I'm a professional writer who suffers from severe depression. I can cope with most of it -- the medication side effects, the anhedonia, and I can manage through the worst lows without killing myself. But what I can't seem to do at all anymore is focus. I can't seem to concentrate on any one thing long enough to complete a significant task or make sense of the things I'm reading or basically anything I need to be able to do in order to do my job.

I'm looking for any and all suggestions about how to get my brain back to alert status, although without any drugs stronger than caffeine. Herbal remedies? I'll try 'em. Yoga positions? Fine. I exercise every day. I take the antidepressants. I feel like I'm doing everything I know how to do, but I just feel mentally sluggish about half the time, and in my job that's completely not okay. I can't phone in the work that I do, and so I'm getting more and more frustrated and feeling more and more helpless, which is causing a feedback loop in my brain that needs short-circuiting.

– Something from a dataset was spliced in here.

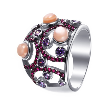 Кольцо из серебра 925 пробы с перламутром и фианитами

Here's what I'm not looking for. I'm not looking for amateur psychiatry -- I have a very competent doctor who's done as much as she can to fine-tune the medication that I take. I've been dealing with this crap for twenty years, and I'm pretty clear on the pharmacological side of things. I'm looking for life strategies, diet tips, behavioral changes, that sort of thing.

posted by anonymous to Health & Fitness (26 answers total) 46 users marked this as a favorite
Headphones with a constant stream of trance music. YMMV
posted by Salvor Hardin at 4:03 PM on April 1, 2009

Hmm . . . you're anonymous, so you can't answer me, but . . . there is a difference between psychiatry and psychology. My understanding is, psychiatrists deal more with the physiological part of depression and prescribe medication, whereas psychologists try to get what's actually going on in your thought patterns. I definitely believe that some patients are better candidates for one or the other. A psychologist is not an amateur psychiatrist- a good one will have gone through several years of training to get their PhD or PsyD. Maybe this could help you. I certainly believe your doctor is competent, but one person (even a very smart person) doesn't know everything. Someone else may see things differently. I am a big believer in second opinions. Two heads are better than one, especially when they belong to smart and well-trained people (with training treating the same thing from different angles.)

If you don't like that suggestion, then I'd maybe try getting out of your element for a while if you can. Take a vacation, little road trip, go camping and look at nature. Sometimes that helps me break out of a rut. I think that endless sameness makes it hard to focus- even rearranging your office furniture or something may help.
posted by lblair at 4:04 PM on April 1, 2009 [1 favorite]

When you say you can't focus, what do you mean, exactly? Does your mind wander? Do you find yourself unable to sit still long enough to do it? Do you just zone out completely? Is it the same at all times of the day?

Some general advice - start small. You had enough focus to write this post, you'll likely be able to absorb the answers you receive. Focus as long as you can, stop, re-focus.
posted by The Light Fantastic at 4:04 PM on April 1, 2009

Get yourself a timer and aim to work in bursts - if you can only focus for five minutes, then set a timer for five minutes and go. Same thing for breaks, set a timer for breaks and then alternate - work, break, work, break. Try for 6 minutes of work, then 7 and so on. I think you'll be more comfortable getting short bursts of work in rather than the daunting prospect of having to focus all day.
posted by lizbunny at 4:15 PM on April 1, 2009 [3 favorites]

Huh. This book might have been written for you. Just check out that title.
posted by Theloupgarou at 4:22 PM on April 1, 2009 [4 favorites]

I use Instant Boss when I have focus problems. The working in short sprints with the goal of just moving things forward in 10 or 15 minutes really helps me. Before I know it I've worked for a couple hours and made more progress than when I feel focused.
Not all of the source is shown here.